- Required action
Could you write out the records below exactly as they appear, leaving out any pictures?

Records: Begin

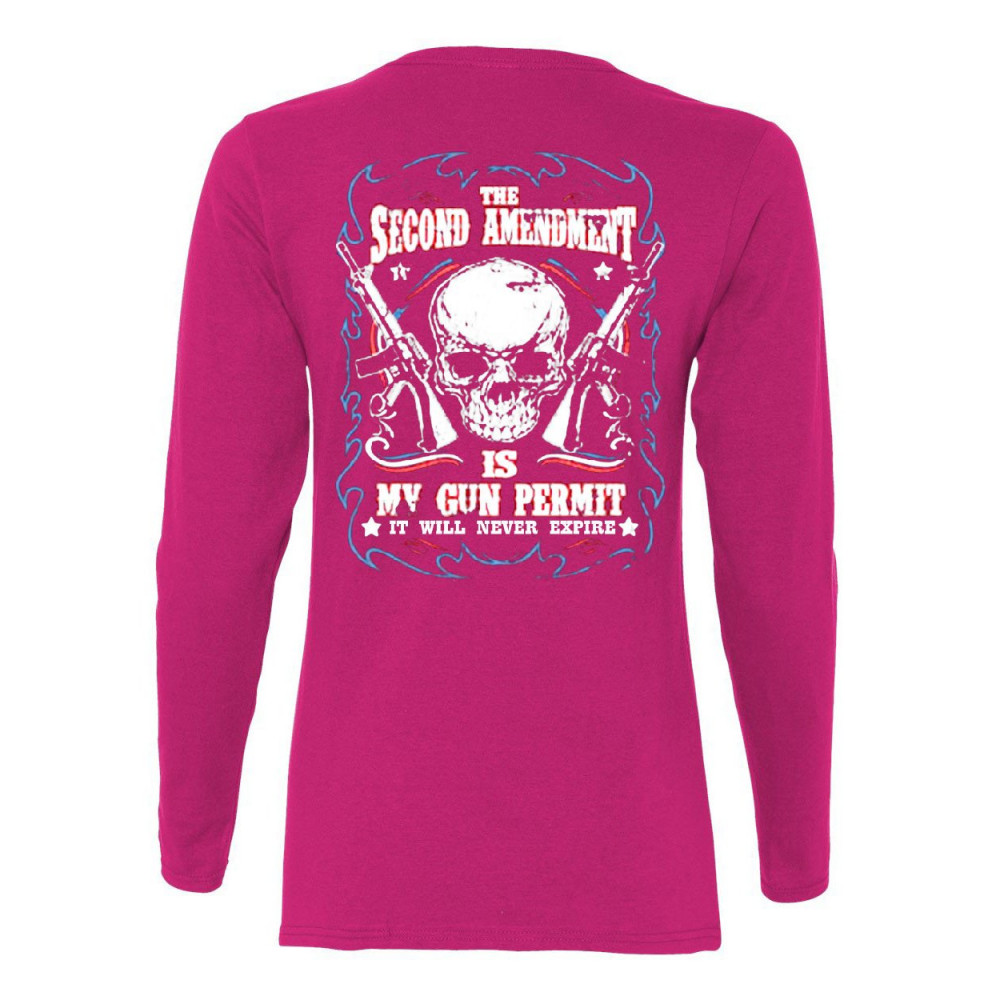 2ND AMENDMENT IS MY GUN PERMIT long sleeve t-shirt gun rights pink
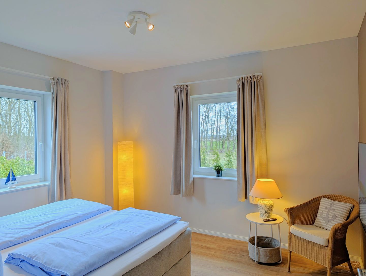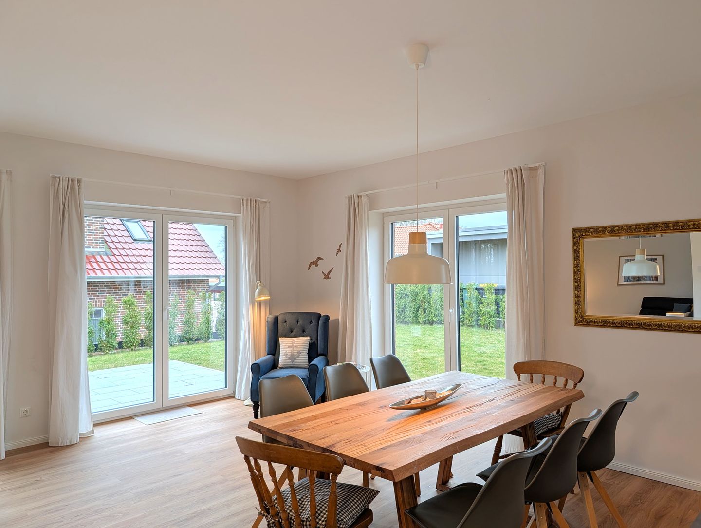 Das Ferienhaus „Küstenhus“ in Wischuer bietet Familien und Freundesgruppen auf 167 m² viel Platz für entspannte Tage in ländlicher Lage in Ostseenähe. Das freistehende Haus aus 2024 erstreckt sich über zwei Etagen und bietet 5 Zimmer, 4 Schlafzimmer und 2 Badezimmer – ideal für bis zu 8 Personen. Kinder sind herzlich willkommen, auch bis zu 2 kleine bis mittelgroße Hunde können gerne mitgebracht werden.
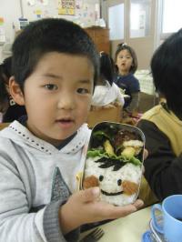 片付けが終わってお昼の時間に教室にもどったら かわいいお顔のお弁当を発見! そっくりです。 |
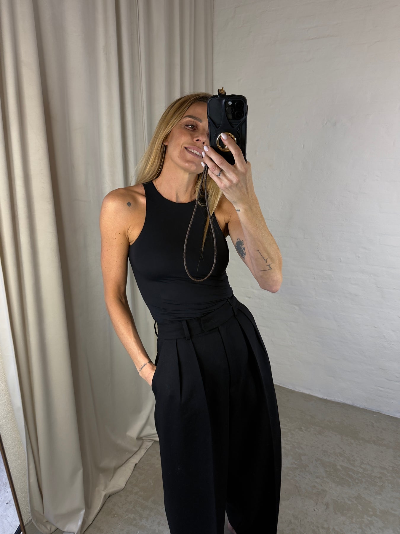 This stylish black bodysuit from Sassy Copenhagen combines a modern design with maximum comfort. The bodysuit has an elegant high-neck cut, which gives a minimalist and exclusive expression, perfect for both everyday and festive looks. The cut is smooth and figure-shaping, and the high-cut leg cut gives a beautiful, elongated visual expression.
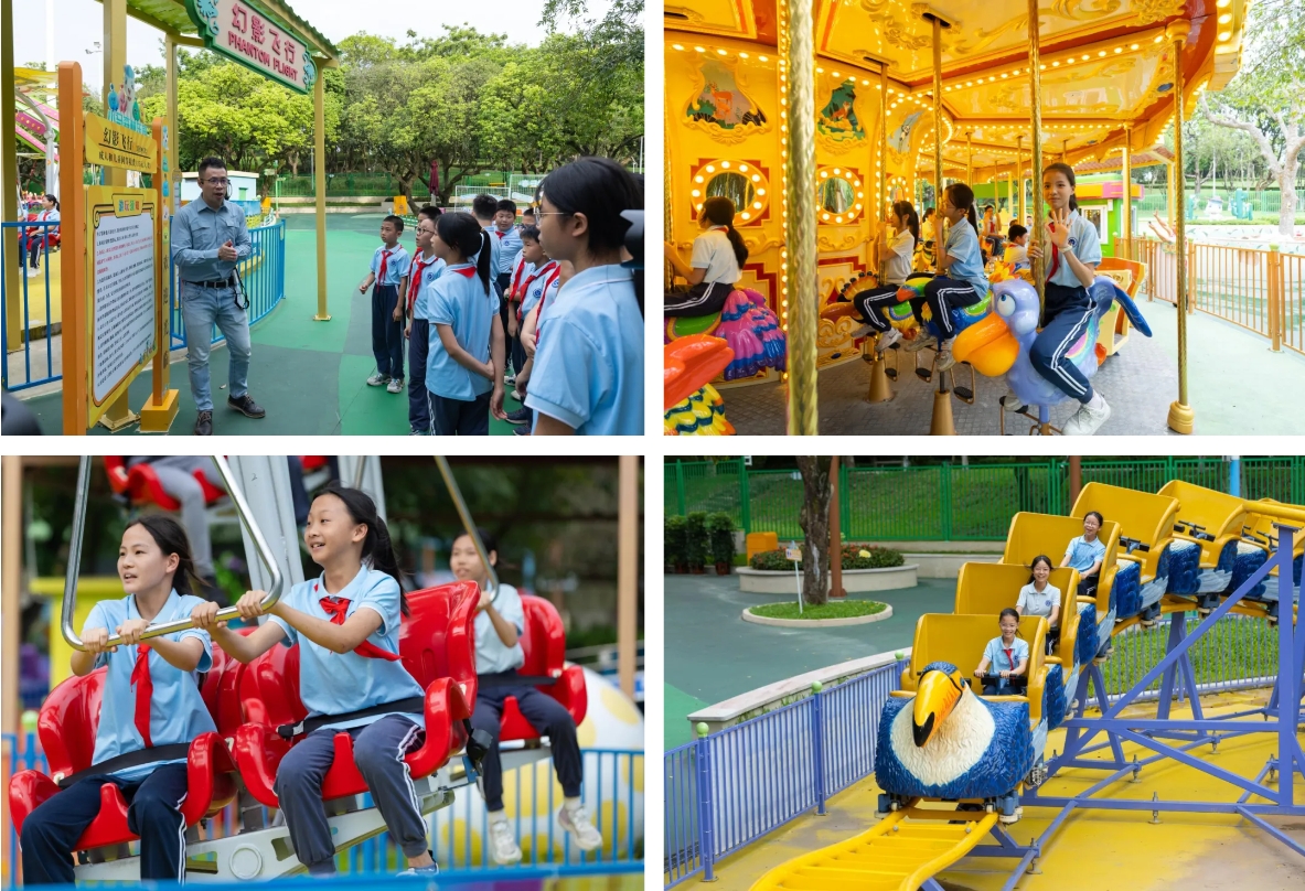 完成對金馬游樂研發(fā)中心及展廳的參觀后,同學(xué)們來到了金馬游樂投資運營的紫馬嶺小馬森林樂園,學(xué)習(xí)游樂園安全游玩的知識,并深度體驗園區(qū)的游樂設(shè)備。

Records: End

- Response
 2ND AMENDMENT IS MY GUN PERMIT long sleeve t-shirt gun rights pink
 Das Ferienhaus „Küstenhus“ in Wischuer bietet Familien und Freundesgruppen auf 167 m² viel Platz für entspannte Tage in ländlicher Lage in Ostseenähe. Das freistehende Haus aus 2024 erstreckt sich über zwei Etagen und bietet 5 Zimmer, 4 Schlafzimmer und 2 Badezimmer – ideal für bis zu 8 Personen. Kinder sind herzlich willkommen, auch bis zu 2 kleine bis mittelgroße Hunde können gerne mitgebracht werden.
 片付けが終わってお昼の時間に教室にもどったら かわいいお顔のお弁当を発見! そっくりです。 |
 This stylish black bodysuit from Sassy Copenhagen combines a modern design with maximum comfort. The bodysuit has an elegant high-neck cut, which gives a minimalist and exclusive expression, perfect for both everyday and festive looks. The cut is smooth and figure-shaping, and the high-cut leg cut gives a beautiful, elongated visual expression.
 完成對金馬游樂研發(fā)中心及展廳的參觀后,同學(xué)們來到了金馬游樂投資運營的紫馬嶺小馬森林樂園,學(xué)習(xí)游樂園安全游玩的知識,并深度體驗園區(qū)的游樂設(shè)備。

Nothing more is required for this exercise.